=== Records provided ===

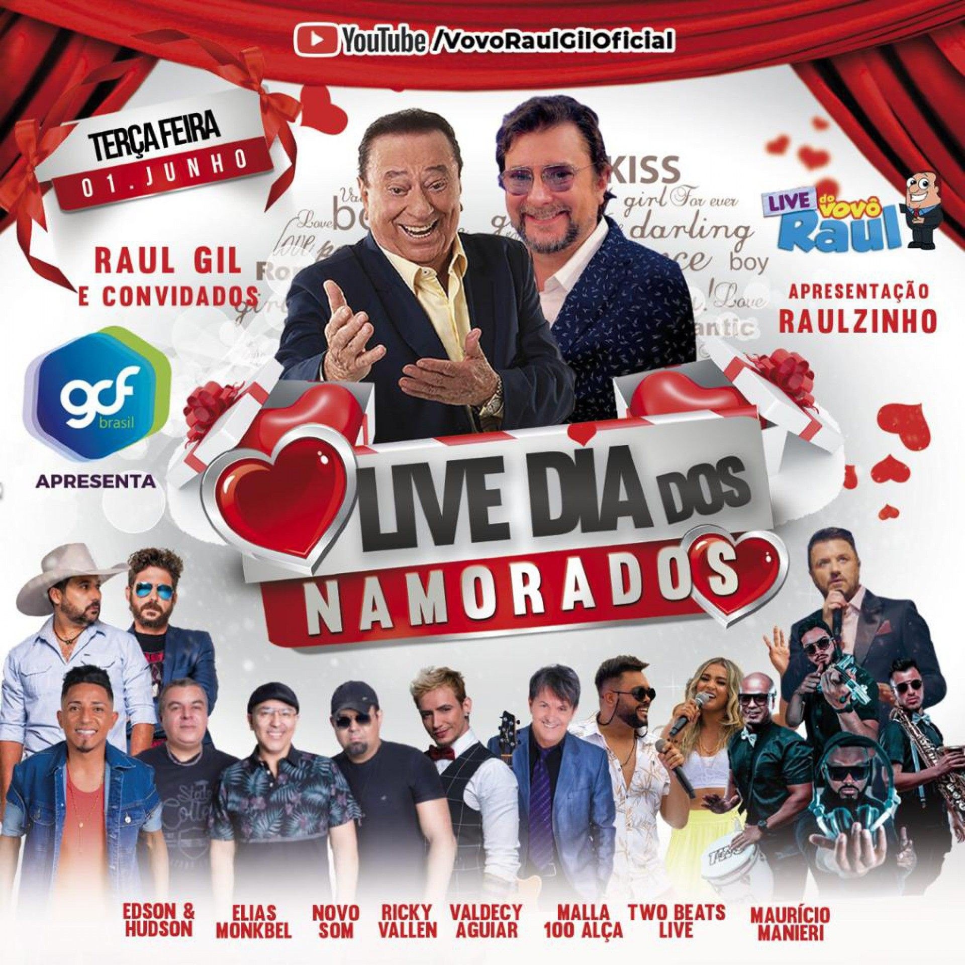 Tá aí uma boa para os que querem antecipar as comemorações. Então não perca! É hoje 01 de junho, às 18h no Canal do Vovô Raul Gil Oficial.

===
=== Records provided ===

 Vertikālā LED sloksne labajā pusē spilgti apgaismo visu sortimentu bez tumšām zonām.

===
=== Records provided ===

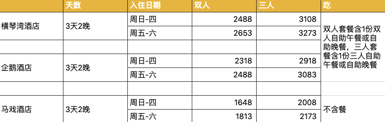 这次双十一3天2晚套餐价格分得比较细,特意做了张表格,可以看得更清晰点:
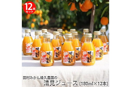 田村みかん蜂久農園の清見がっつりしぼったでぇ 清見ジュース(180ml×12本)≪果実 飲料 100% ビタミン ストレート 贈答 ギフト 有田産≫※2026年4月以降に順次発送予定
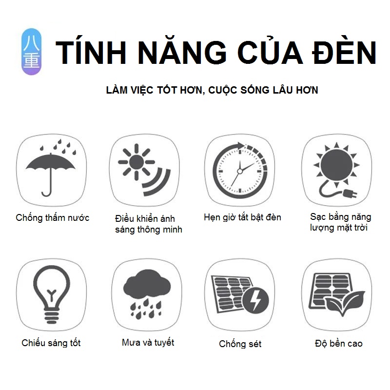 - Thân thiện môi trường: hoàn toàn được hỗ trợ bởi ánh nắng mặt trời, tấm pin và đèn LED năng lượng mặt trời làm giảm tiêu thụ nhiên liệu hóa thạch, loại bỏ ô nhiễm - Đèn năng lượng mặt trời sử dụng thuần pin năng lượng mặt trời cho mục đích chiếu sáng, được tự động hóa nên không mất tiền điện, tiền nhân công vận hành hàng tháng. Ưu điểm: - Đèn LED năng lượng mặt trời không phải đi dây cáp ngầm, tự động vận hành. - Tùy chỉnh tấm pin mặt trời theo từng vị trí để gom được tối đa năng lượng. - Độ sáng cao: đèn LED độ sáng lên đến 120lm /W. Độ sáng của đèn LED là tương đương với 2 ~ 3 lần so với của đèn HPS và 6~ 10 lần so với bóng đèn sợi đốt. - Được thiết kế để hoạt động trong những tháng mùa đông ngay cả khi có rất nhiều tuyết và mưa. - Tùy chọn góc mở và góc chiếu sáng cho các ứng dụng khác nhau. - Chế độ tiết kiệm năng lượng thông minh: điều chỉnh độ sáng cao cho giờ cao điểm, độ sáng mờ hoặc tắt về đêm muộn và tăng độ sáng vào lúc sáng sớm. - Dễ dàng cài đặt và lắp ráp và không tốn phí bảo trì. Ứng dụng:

===

**Exercise goal**
Starting at the line with "田村みかん蜂久農園の清見がっつりしぼったでぇ 清見ジュース(180ml×12本)≪果実 飲料" and finishing at the line with "- Thân thiện", copy the material above exactly, both lines included. Nothing else goes in, and no pictures.

**The completed task**
 田村みかん蜂久農園の清見がっつりしぼったでぇ 清見ジュース(180ml×12本)≪果実 飲料 100% ビタミン ストレート 贈答 ギフト 有田産≫※2026年4月以降に順次発送予定
 - Thân thiện môi trường: hoàn toàn được hỗ trợ bởi ánh nắng mặt trời, tấm pin và đèn LED năng lượng mặt trời làm giảm tiêu thụ nhiên liệu hóa thạch, loại bỏ ô nhiễm - Đèn năng lượng mặt trời sử dụng thuần pin năng lượng mặt trời cho mục đích chiếu sáng, được tự động hóa nên không mất tiền điện, tiền nhân công vận hành hàng tháng. Ưu điểm: - Đèn LED năng lượng mặt trời không phải đi dây cáp ngầm, tự động vận hành. - Tùy chỉnh tấm pin mặt trời theo từng vị trí để gom được tối đa năng lượng. - Độ sáng cao: đèn LED độ sáng lên đến 120lm /W. Độ sáng của đèn LED là tương đương với 2 ~ 3 lần so với của đèn HPS và 6~ 10 lần so với bóng đèn sợi đốt. - Được thiết kế để hoạt động trong những tháng mùa đông ngay cả khi có rất nhiều tuyết và mưa. - Tùy chọn góc mở và góc chiếu sáng cho các ứng dụng khác nhau. - Chế độ tiết kiệm năng lượng thông minh: điều chỉnh độ sáng cao cho giờ cao điểm, độ sáng mờ hoặc tắt về đêm muộn và tăng độ sáng vào lúc sáng sớm. - Dễ dàng cài đặt và lắp ráp và không tốn phí bảo trì. Ứng dụng:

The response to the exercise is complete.